I got my first guitar when I was 15. I found it by calling around to stores and asking for the cheapest guitar they carried. I was in ninth grade and delivered papers for a living, so I wasn’t exactly rolling in cash. A Guitar Center in a distant suburb had one for $90. I didn’t ask what kind it was, since all that mattered was that I could afford it. I didn’t know anything about guitars, anyhow. My dad drove me out there, where I stared at it intensely for two minutes before I purchased it without playing it. I wanted to seem like I knew what I was doing, and was deathly afraid (and too proud) to ask the sales dude questions. I was so nervous about somehow getting it all wrong that I did get it wrong: I walked out with my guitar in my arms like a baby and forgot to buy the cord, picks, strings, strap and case.

Maybe you’re an ice-cold lady of fierce confidence and aren’t shedding a drop of sweat over your trip to the instrument plaza/Guitar Center—but if you are sweating it, when you go to buy your first guitar, don’t freak. Every musician since the beginning of time was, at one point, a beginner. Don’t be ashamed that you don’t know what you are doing yet, even if you walk into the store and the entire guitar department is filled with guys playing insane solos while you aren’t even sure what strings you need. Once you’ve read this post, you will be fully prepared for your first fateful voyage to the guitar shop/music emporium.

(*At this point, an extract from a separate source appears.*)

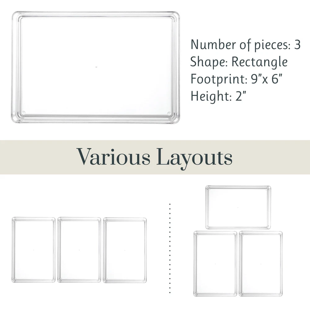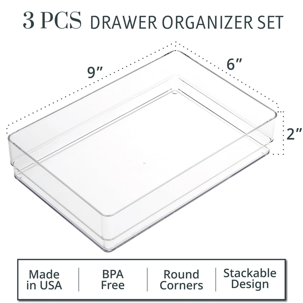 Crafted in the USA from premium, durable BPA-free clear plastic, our drawer organizers prioritize both quality and environmental responsibility. By choosing domestically made products, you're reducing carbon emissions from production to delivery compared to products produced overseas. Experience unparalleled versatility with our stackable design, perfectly suited for a myriad of items including cosmetics, jewelry, kitchen utensils, and office supplies. Say goodbye to cluttered spaces and hello to streamlined organization as these trays effortlessly maximize every inch of available space, transforming even the most chaotic drawers into orderly spaces. Take control of your storage solutions with ease by customizing your layout to suit your unique needs. Whether it's in the bathroom, dresser, vanity, or desk, our organizers seamlessly adapt to any environment, providing tailored organization wherever you need it most. Our drawer organizers not only help them keep their new home tidy and clutter-free but also add a touch of elegance to any space. It's the gift that keeps on giving, day after day. Give as a housewarming present for a new home or add to a wedding registry. This comprehensive set includes three meticulously crafted 9-inch by 6-inch shallow drawer organizers, designed to accommodate your essentials with precision. And with additional sizes available, you have the freedom to expand your organizational arsenal to tackle any cluttered drawer with finesse.
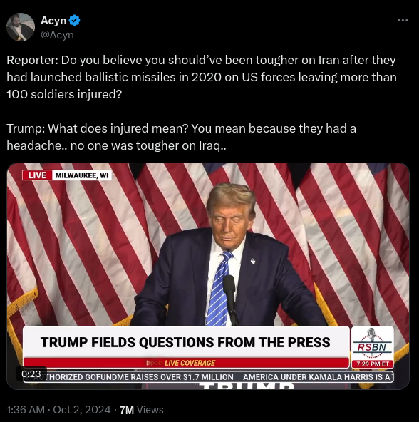 Former President Donald Trump claimed that Iranian missiles “never hit the fort” and suggested troops only suffered a “headache” when Iran launched...

Know What You’re Looking For

Beginner guitars, or “child model” guitars, are inexpensive because they are made from cheap, lightweight wood, which is why those guitars tend to have a thin, almost squeaky sound. My favorite guitar is a Teisco child’s model from 1971 that I got in 11th grade. When played on its own through an amp, it sounds like a duck with a cold. When I play it through a distortion pedal or two, it sounds like a very bossy duck—and for this, I love the guitar even more. It’s not the best, but it tries hard, and it’s mine. When I first picked up drums, I went with the cheapest stuff I could get my hands on. You can upgrade from duck-squeak and super-used drumheads later. Learning to play on fancy, new, expensive equipment won’t make you play any better or learn any faster.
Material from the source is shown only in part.